I open my eyes. I’ve been asleep, my neck stiff from using Jill’s pack as a pillow. Samara isn’t on the bed anymore, and there’s a baby crying in the other room. Then I see Jill. She’s sitting up, eyes wide, one of the little boys from the loft last night, six or seven years old, standing behind her on the mattress, rubbing what are probably grubby hands all over her shorn blond head. He’s giggling. And when I cut my gaze to the side, there’s another one, older and more serious, his big brown eyes only a few centimeters away. I move to snatch the glasses off my face, but they’re not there. They’re inside my shirt again, next to my chest. I’m about 90 percent sure I didn’t put them there.
“We’re supposed to be waking you up,” says the boy next to me. His expression hasn’t even twitched.
Jillian is making a pretty valiant effort to stay calm while her head is rubbed. Then Nathan appears in the doorway. He’s about to say something but stops. Jill blinks her eyes once.

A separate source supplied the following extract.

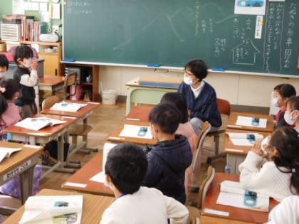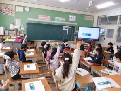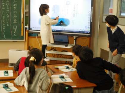 国語です。「たぬきの糸車」の学習です。山奥の一けんやにくるたぬきがしたことを想像します。文章に書いてあることから場面を想像します。言葉からイメージをふくらます大事な時間です。
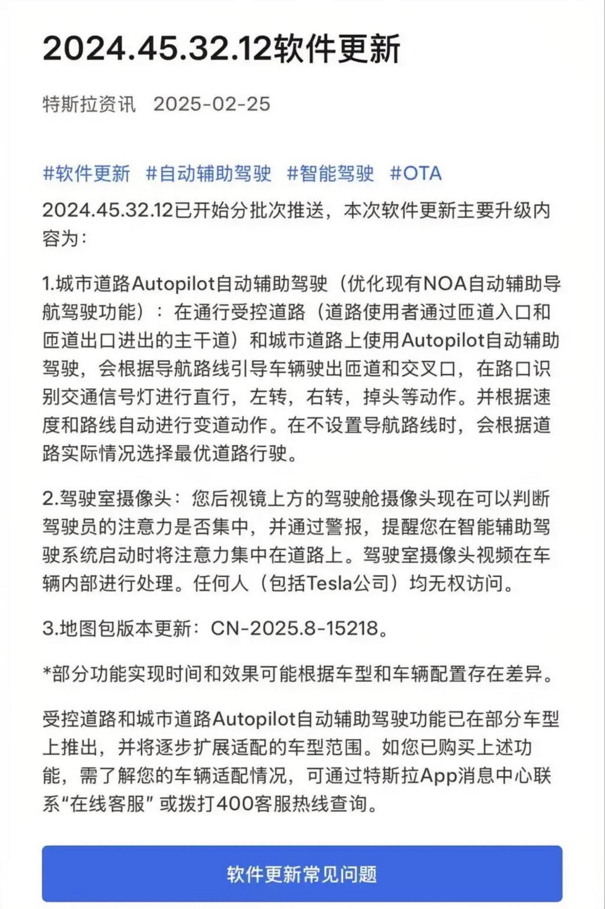 2月25日,特斯拉开始分批次为用户推送2024.45.32.12软件更新,更新的主要内容便是升级城市道路Autopilot自动辅助驾驶。

Nathan nods to her, almost formal, then tilts his head at his brothers. “Mum wants you.” The boys scamper, slamming the door shut behind them.
Jill is still for a minute. Then she whispers, “Who was that?”
“Nathan.”
Two more seconds and she says, “Hand me my pack.”
I get to my feet, wincing as I stand. I’m still bruised from my fall. I did three climbs yesterday, carried Jill across half a planet on newly mended bones, and slept on a floor. I hand over the pack and out comes the sanitizer. She starts spraying, rubbing her head and arms and legs.
“You’re going to run out of that,” I comment.
“I don’t want to hear it.” She glances around the plain, windowless room, at the flame near the ceiling, wavering in an open dome of glass, at the chains of dried herbs draped in loops along the walls. The many times washed, and yet not soft blanket over her knees. Her nose wrinkles.
“So where are we, exactly?”
I sit on the edge of Samara’s bed, rubbing the ache from my neck. “We’re Outside. These are friends of Samara’s. They know she’s one of the Knowing, but nobody else does, and they think we are, too. Do you remember getting here?”
“Not much.” Jill lowers her voice. “Are we safe?”
“I think so.”
“Why do you think so?”
“They kept us from getting caught last night. And Samara trusts them.”
Jill huffs once at that. “So is the city below us?”
I nod. I know what’s coming next.
“So we’ve got the coordinates. How soon can we get out?”
“We’ve got a food and water problem. The regenerators won’t charge—”
“But we don’t have to get far. You’ll get a signal, or the skimmers will find us and we’ll be picked up … ”
I hold up a hand. I don’t know whose baby was crying in the other room, but it’s stopped for a minute, and Jill is using words that shouldn’t be overheard. I switch beds, and she scoots up her feet to make room for me. She looks pale, weak, but alert. A lot more like Jill. Which is really good. And bad. I step carefully. Like tiptoeing through a bed of cactus in Texas.
“I don’t know if we can get picked up. The skimmers can’t see. I watched one crash straight into a mountain when I was climbing the cliffs. It looked right at me, too, and I don’t think it knew what I was.”
Jill frowns. “I don’t understand.”
“Me, neither. But there’s something else. I caught a power source. Fusion. Somewhere below us. Inside the mountain.”
Jill’s eyes open big. “There’s tech down there?”
“Has to be.”
She glances around the room. More than surprised. Like she doesn’t believe it. “But they would never live like this if they had tech, right? And there was never supposed to be fusion in Canaan. Even for the communications bunker … ”
She knows there wasn’t. It didn’t even exist. I don’t tell her what I’m thinking. The Centauri II. The ship that landed and was never heard from again. That we’ve found no trace of that missing ship gives me just as bad a feeling as the lost city.
“What can the glasses see?” Jill asks.